# Forum > MMO > Guild Wars 2 >  Looking for a successful gw2botter

## KuRIoS

To help me get started on 80 farming with a bot. I currently have mmolazy.
Please send me a pm if you can help.

----------


## Neymar

Me too! The routes on the site are too well known and you get "bot trains" following one path. I modified one in cursed shore but to no real success. I get about 2 gold a day! Some claim to get 10+. If anyone could help us!

----------


## shaggsdope

It looks to me that until thye get some kind of working AH bot/mod you're only able to get around 2 per day :-/

Oner person SAID he has a path that gets 20+ but I don't really see how it's possible... at least not with Firy

----------


## warheart209

The only people making money off this game is people with Teleport mining bots which aren't public from what i can see.

----------


## Mumulica

Kur: you should give macrogoblin a try. i bet it takes you 2h to figure it out how to make a path and do a masterpiece out of it.

----------


## warheart209

macrogoblin is a waste of time since you need vmware for each copy.

----------


## Neymar

> The only people making money off this game is people with Teleport mining bots which aren't public from what i can see.

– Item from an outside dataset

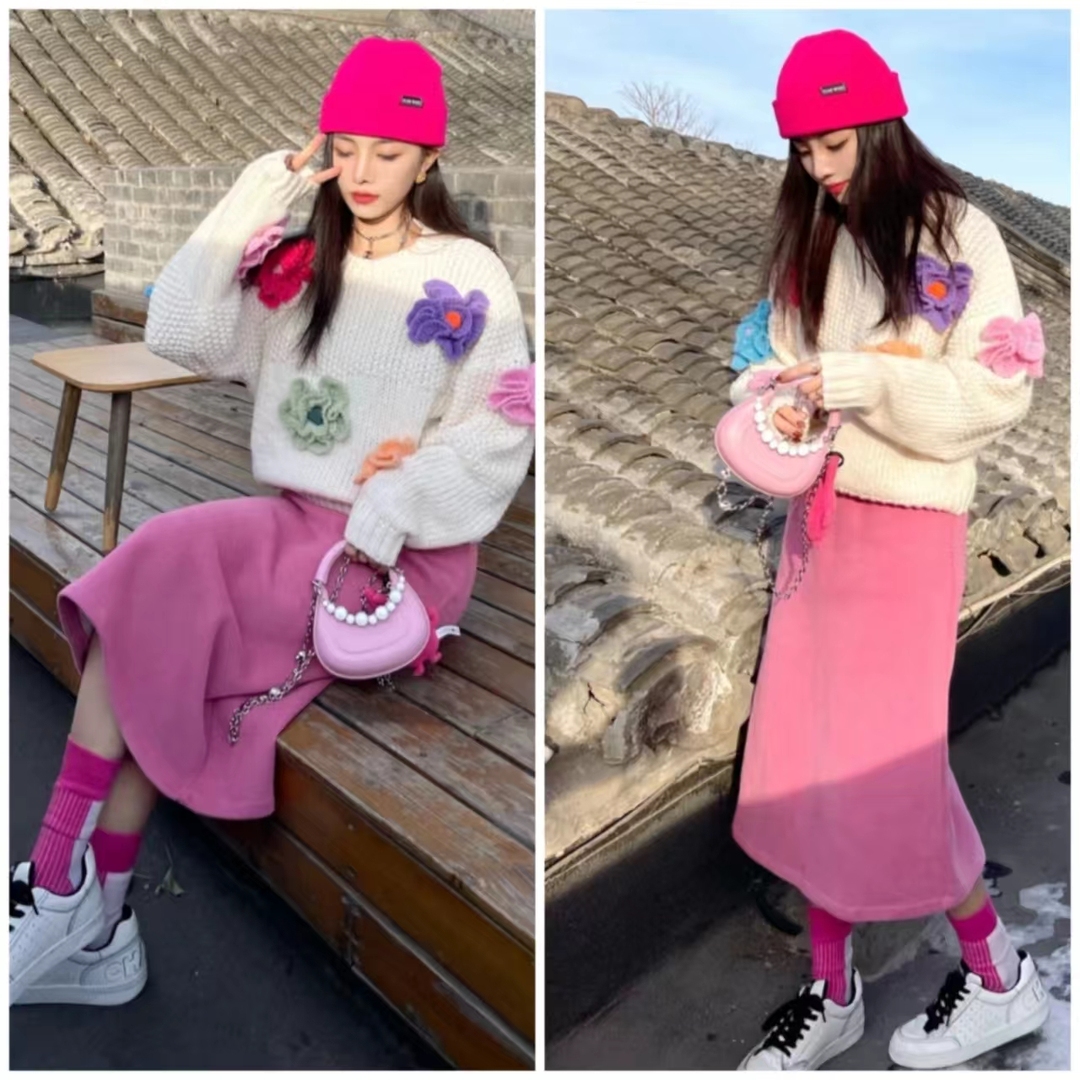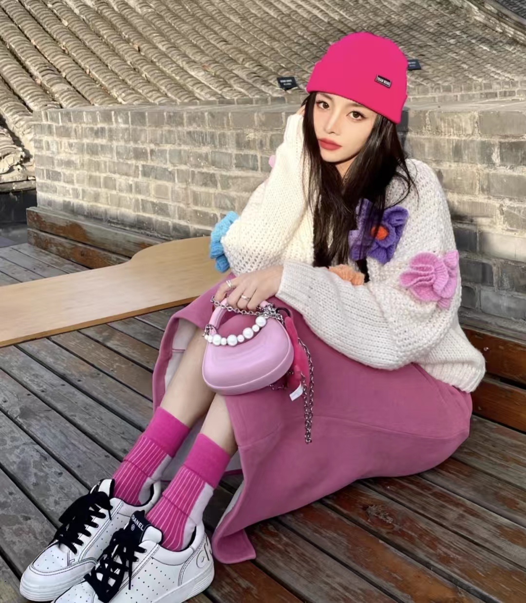 过目不忘的粉色系ins风穿搭:女孩子真的无法拒绝粉色,彩色花朵毛衣有让人开心的魔力,半裙帽子包包都用粉红色来进行搭配,活力满满整体感更强,甜甜氛围感?

Really? I don't see how teleport mining would make a big enough profit for them to make money off the game.

----------


## warheart209

ur crazy i do teleport mining as is i got every zone mapped for 1 click orichalcum,ancient tree,jump puzzle chests,elderwood,mithril ore i 1 click teleport mine on each of my 6 toons when im done i get 27 gold if i had a bot do it it would be worth my time as for now im using fiery while mainly botting 26 copies of wow.

----------


## vib2

warheart make some space in your PM please  :Smile:

----------


## UDontKnowWhoIAm

lol leechers jumping on you as soon as you said it

----------


## vib2

> lol leechers jumping on you as soon as you said it


as u may know, i am the only one to post on this forum few macro for D3 on mac (and have no particular skill coding etc) so next time, don't be stupid watching rep and number of post, but see the content  :Wink: 

ty bb

----------


## KuRIoS

> as u may know, i am the only one to post on this forum few macro for D3 on mac (and have no particular skill coding etc) so next time, don't be stupid watching rep and number of post, but see the content 
> 
> ty bb


regardless, your CURRENT status on OC is LAZY LEECHER, so he was correct  :Smile:

----------


## AndrielMarie

<-- dang, lazy leecher too...zzz

----------


## yorhey

Kurious, why not check the mmolazy forums, I put a tutorial on how to make paths on that website, also the combat is very simple to set up. IT is the best bot out there. And yes, 10g a day is very doable, even more if you max out your guild and magic find. Have fun!

----------


## KuRIoS

sigh.. I have been spammed lately, who was it that messaged me about this wanting to help/sell his method to me  :Smile:  
Please send me a new PM

----------


## yok3r

exist any bot program 4 free?

----------


## LisaL

Isnt GW dead by now

----------